Anyhow, the trip started with a one-hour plane delay, so I landed at Incheon’s airport around 9 p.m. Korean time (an hour ahead of Hong Kong). Incheon is Seoul’s neighboring city, so I hopped on the train from the airport to Seoul, which took about an hour, then took another train from Seoul Station to my hostel in Itaewon, near the middle of the city. I finally checked in around 11:30 p.m. and headed straight for a shower and to bed.

The Seoul-Incheon metropolitan area is the fifth most populated in the world, Seoul itself is one of the top-20 most populated cities and is one of the world’s top ten most visited cities by tourists. As such, important signs were in Korean, Chinese, Japanese and English, making both the airport and subway systems easy to navigate. The massive Seoul-Incheon subway system has so many jumbled lines and stops that it’s dizzying, but the system’s app makes switching lines a breeze. Trumpet fanfare announces the arrival of every train, and all announcements are given in the aforementioned four languages.
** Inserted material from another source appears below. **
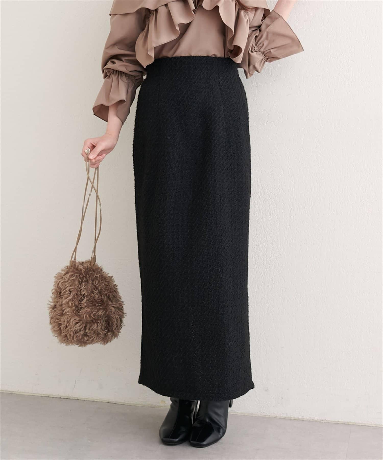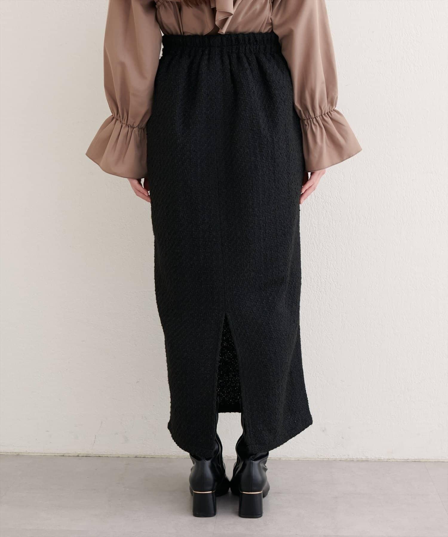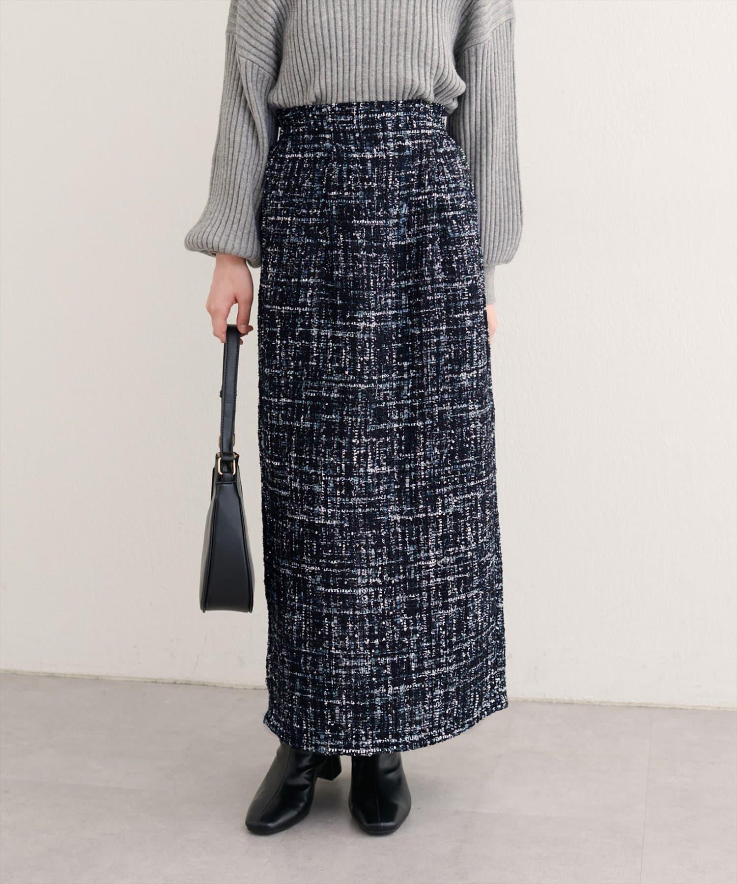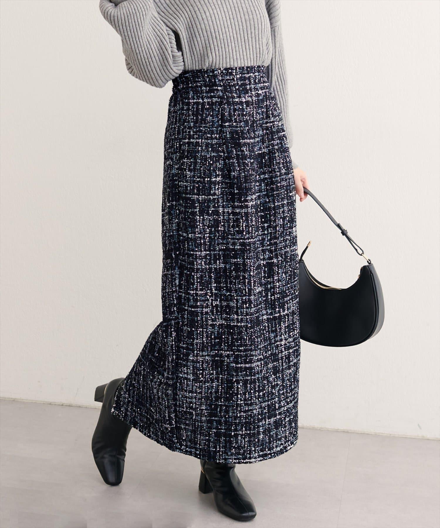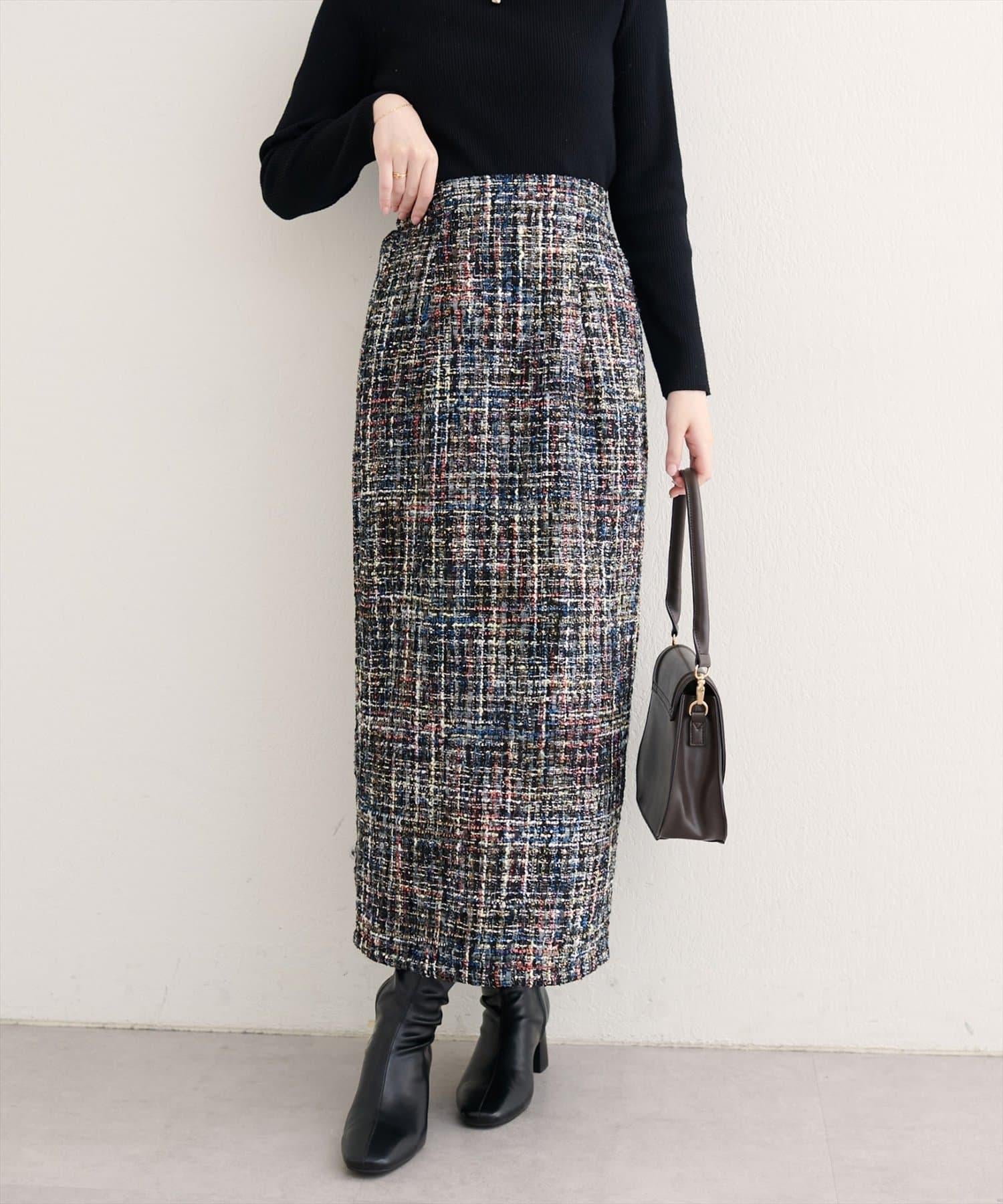 MIX 粗花呢高腰緊身裙將古典氣息與現代輪廓相結合。

An in-train jingle plays if the next stop is an interchange, and each car contains several maps. As daunting as the colorful web looks, the system does everything it can to simplify travel.

I began Friday by grabbing breakfast at a local coffee chain and headed for Myeongdong, a shopping district in the middle of Seoul. I had a blast at the tourist highlight, spending way longer there than I planned. The main shopping area was off the main road in a jumbled set of alleys and smaller streets. Here, I found a wide variety of shops, from the country’s largest Uniqlo (a clothing chain) down to street vendors selling kimchi dumplings, fried chicken and more. Most shops were blasting either K-Pop or Western music from their speakers, providing a lively soundscape from PSY to Ed Sheeran.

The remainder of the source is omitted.